Segment Open
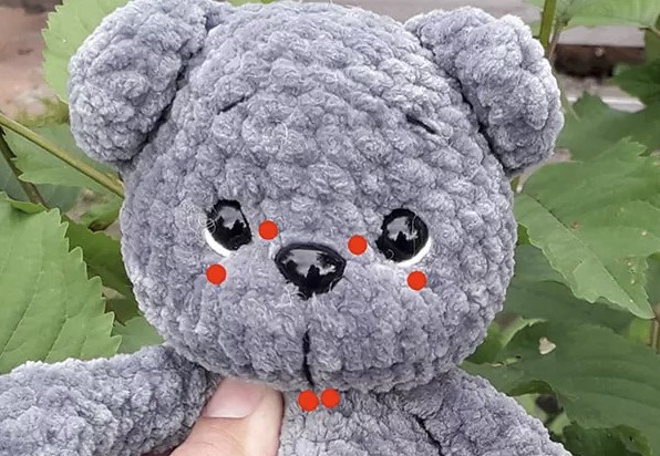 We insert the nose between rows 23-24, in the middle we insert the eyes between rows 24-25, between the eyes 5 sc.
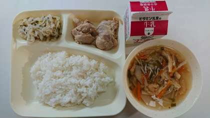 本日の献立は、鶏肉の醤油マヨネーズ焼き、切り干し大根のゆずの香あえ、五目汁、ごはん、牛乳です。
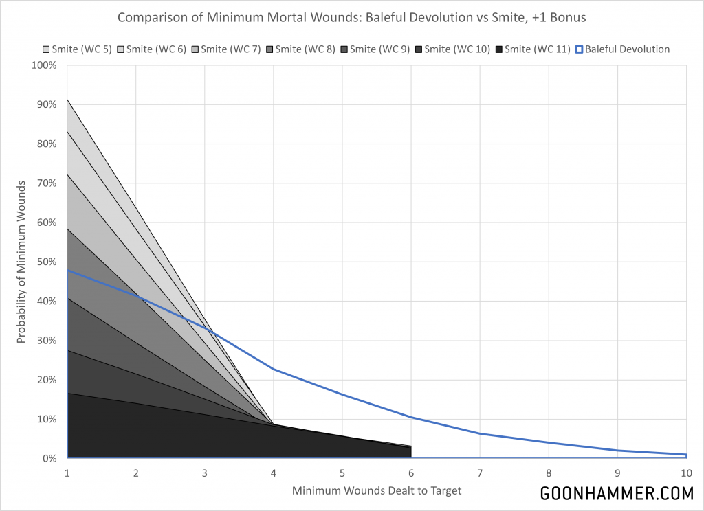 This is actually my 100th Hammer of Math article and I just wanted to extend my sincere gratitude to all of you readers. In the past two years I've done my best to take an in-depth and careful look at the numbers behind our favorite games, and it's been a real adventure learning everything with you. From calculating the probability of a Warlord Titan killing a Leviathan Titan, to the ballad of Space Wolf Lord Smashwolf Wolfsmash the Second, to the 80,000 of you who viewed my most popular article on Primary and Secondary Objectives, this column has gone in a lot of different places within the realm of miniatures games. Some of the best ideas (such as the one above on optimal mutations) come from you, so if you have any ideas as to what would make a good article please submit them here. I read every suggestion.If you have any feedback, feel free to drop a note in the comments below or email us at contact@goonhammer.com. You can also reach me directly via @PrimarisKevin on Twitter.
Segment Closed
• [ASSIGNED TASK]
Where the data includes pictures, leave them out and write out everything else exactly.

• [RESPONSE TO THIS TASK]
 We insert the nose between rows 23-24, in the middle we insert the eyes between rows 24-25, between the eyes 5 sc.
 本日の献立は、鶏肉の醤油マヨネーズ焼き、切り干し大根のゆずの香あえ、五目汁、ごはん、牛乳です。
 This is actually my 100th Hammer of Math article and I just wanted to extend my sincere gratitude to all of you readers. In the past two years I've done my best to take an in-depth and careful look at the numbers behind our favorite games, and it's been a real adventure learning everything with you. From calculating the probability of a Warlord Titan killing a Leviathan Titan, to the ballad of Space Wolf Lord Smashwolf Wolfsmash the Second, to the 80,000 of you who viewed my most popular article on Primary and Secondary Objectives, this column has gone in a lot of different places within the realm of miniatures games. Some of the best ideas (such as the one above on optimal mutations) come from you, so if you have any ideas as to what would make a good article please submit them here. I read every suggestion.If you have any feedback, feel free to drop a note in the comments below or email us at contact@goonhammer.com. You can also reach me directly via @PrimarisKevin on Twitter.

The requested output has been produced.